12. Foreign words and phrases are not apropos.

13. Do not be redundant; do not use more words than necessary; it's highly superfluous.

14. One should never generalize.

15. Comparisons are as bad as cliches.

16. Don't use no double negatives.

17. Eschew ampersands & abbreviations, etc.

18. One-word sentences? Eliminate.

19. Analogies in writing are like feathers on a snake.

20. The passive voice is to be ignored.

21. Eliminate commas, that are, not necessary. Parenthetical words however should be enclosed in commas.

22. Never use a big word when a diminutive one would suffice.

23. Kill all exclamation points!!!!

24. Use words correctly, irregardless of how others use them.

25. Understatement is probably not the best way to propose earth shattering ideas.

26. Use the apostrophe in it's proper place and omit it when its not needed.

27. As Ralph Waldo Emerson said, "I hate quotations. Tell me what you know."

28. If you've heard it once, you've heard it a thousand times: resist hyperbole; not one writer in a million can use it correctly.

29. Puns are for children, not groan readers.

30. Go around the barn at high noon to avoid colloquialisms.

31. Even if a mixed metaphor sings, it should be derailed.

32. Who needs rhetorical questions?

33. Exaggeration is a million times worse than understatement.

34. Proofread carefully to see if you any words out.

Cheers, Staybaker. :)
 
lol - Nice one Staybaker
and likewise Nelly's poem bak there :)

I'd post a post here except it would be like "challenging a school of piranhas to a game of water polo" lol - especially considering the number of spelling errors and typos I personally make.

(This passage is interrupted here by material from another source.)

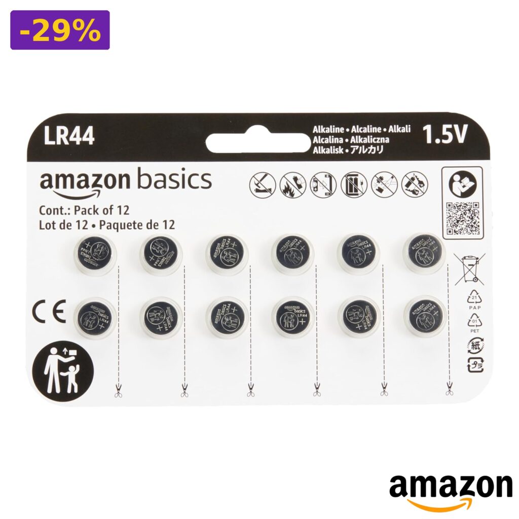 🚀 Amazon Basics – Batterie a bottone alcaline LR44, 1,5 V, confezione da 12

You know what DNA stands for don't you? - National Dyslexic Association ;)
 
Prospector said:
Or when someone 'important' dies, "the tributes pour in" Pour....pore.... in to where, exactly?


The tributes pour in to their letterbox.

Seems logical to me... :confused:
 
when people use double negatives it really s**ts me!

ie- "I don't know nothing"

Springer-English or "Bling-lish" as I like to call it!